His comrades grew nervous, many wands trembled along the corner of his eyes. The wind was whipping his hair and sand around his head.

“Now!” He shouted, as the rugs crossed the line of range most wands reached. Hexes in yellow, red, purple, blue and – green? – which fool? – shot over the sand. Back and forth. Taking out his men one by one, but barely creating a dent in the masses of carpets rolling in on them.

They couldn’t hold their position.

“Retreat!”

Upon his roar, his men took off towards the camp. Draco knew there were a few portkeys in the trunk of the former commander. From the corner of his eyes, he saw several soldiers barrelling into the commander’s tent.

So much for getting out.

Hexes flew from his wand as he made his way back behind the inner wall into the canyon filled with ruins and their camp. His men were falling all around him.

Wouldn’t he feel the sun beating down on him and the sand between his teeth, he could believe to be back at Hogwarts, at the Final Battle.

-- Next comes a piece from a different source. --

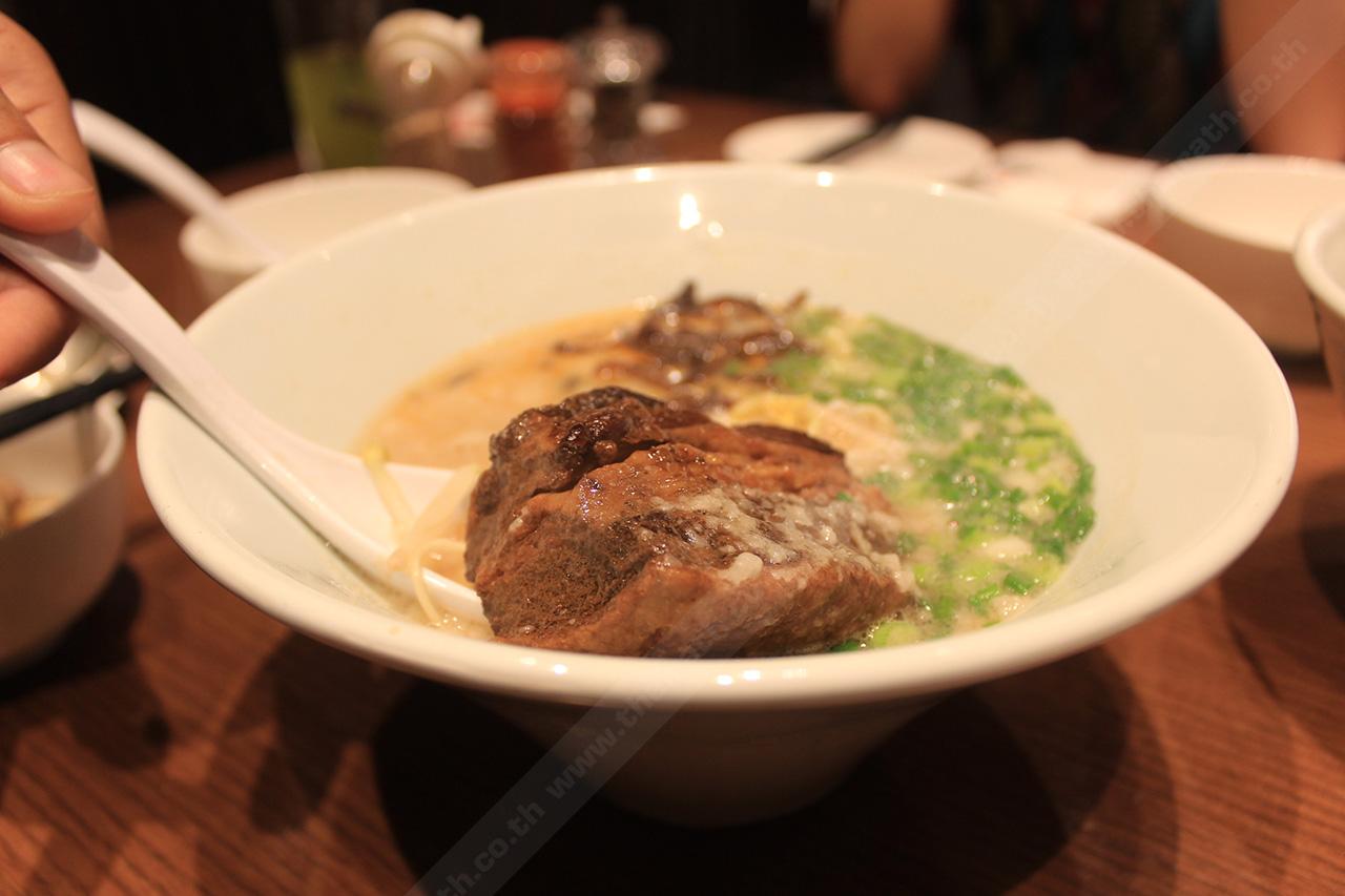 พูดเลยว่าใครชอบกินเนื้อหมูตุ๋นเปื่อย ไม่ควรพลาดเมนูนี้ ราเมงเนื้อคาคุนิ หรือหมูตุ๋นก้อนสี่เหลื่ยมแบบเน้นๆ เต็มๆ คำ ผสานกับรสชาติของน้ำซุปกระดูกหมูที่ใช้เวลาเคี่ยวนานถึง 15 ชั่วโมง จนเรารู้สึกประทับใจในรสชาติของน้ำซุป เพราะมีทั้งความกลมกล่อมและหอมหวานอยู่ในตัว นอกจากนี้เนื้อคาคุนิยังหมักด้วยซอสถั่วเหลืองฮิปปุโดะสูตรเด็ดของทางร้าน จะอร่อยฟินแค่ไหนต้องไปลอง
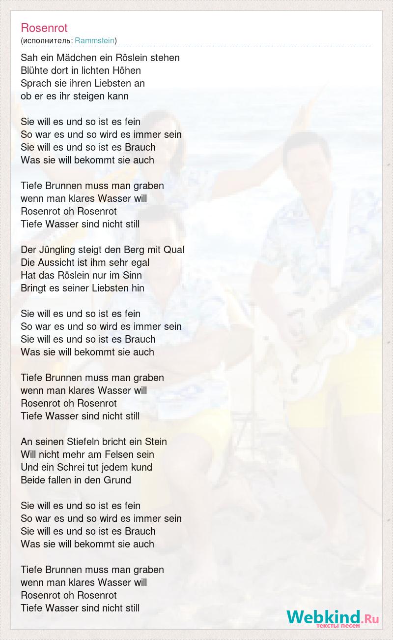 Sah ein Mädchen ein Röslein stehen Blühte dort in lichten Höhen Sprach sie ihren Liebsten an ob er es ihr steigen kann Sie will es und so ist es fein So war es und so wird es immer sein Sie will es und so ist es Brauch Was sie will bekommt sie auch Tiefe Brunnen muss man graben wenn man klares Wasser will Rosenrot oh Rosenrot Tiefe Wasser sind nicht still Der Jüngling steigt den Berg mit Qual Die Aussicht ist ihm sehr egal Hat das Röslein nur im Sinn Bringt es seiner Liebsten hin Sie will es und so ist es fein So war es und so wird es immer sein Sie will es und so ist es Brauch Was sie will bekommt sie auch Tiefe Brunnen muss man graben wenn man klares Wasser will Rosenrot oh Rosenrot Tiefe Wasser sind nicht still An seinen Stiefeln bricht ein Stein Will nicht mehr am Felsen sein Und ein Schrei tut jedem kund Beide fallen in den Grund Sie will es und so ist es fein So war es und so wird es immer sein Sie will es und so ist es Brauch Was sie will bekommt sie auch Tiefe Brunnen muss man graben wenn man klares Wasser will Rosenrot oh Rosenrot Tiefe Wasser sind nicht still

Thank Salazar for the Desert wind, the trilling yells of the Desert tribe in front of him and the flying rugs. Otherwise this might have set of another flashback.

Around him, the noises of his men quieted down. On a last effort to save himself, he turned and ran through the ancient ruins. There had to be a hidden path out. Every site they had travelled to so far had one.

The Bedouins cut him off on several corners, having just swept into the canyon and knowing the grounds way better than him.

In the end, he came to a sudden halt in front of a massive, dog-like statue. Rocks rising all around him. He was well and truly fucked.

And cornered, too, he realized as he turned, still enough of a fight left in him. Gnashing his teeth, he raised his wand again. He wouldn’t go down, without taking a few of them with him.

The men on their rugs did the same. Set on killing him in creative ways he had yet to learn. Briefly, Draco wondered, if it would be as bad as the torture conducted by Voldemort and his cronies.

Abruptly, a cold rush rolled him, his breath puffed at his lips. His eyes grew wide at that sight. The men grew restless, anxious even as the cold spread to them. When the first saw their breath clouding too, they turned their rugs, shouting, waving their arms, casting protective spells all around them.

Draco stood, frozen to the spot.

Four things he realized in that moment.

1) The tribes didn’t use wands. They were casting with their hands.

2) They used different spells than the ones he’d learned.

3) What he felt wasn’t just cold. It was Dark Magic.

4) It was so much worse than everything Voldemort could have ever created.

The last thought got him moving. He stumbled away from the statue and ran. Bloody fools all of them! What had they been searching here anyway?

Screw the French Foreign Legion! He was done with that.

The sight of the battle stopped him short. So many dead! He huffed in frustration. What now? He had to leave. But how? Apparition was too far. His broom was gone, as were the port-keys. He didn’t trust the few carpets lying around.

Draco rummaged through the camp, looking for useful things the dead and cowards had left and found only an empty water bottle and a few packets of dates. It had to be enough.

Stuffing all of it in his pockets he started his way out of the desert.

Feeling the prickles of being watched in his neck he turned to find five flying rugs above a cliff. He shot them his best glare, while squinting against the sun.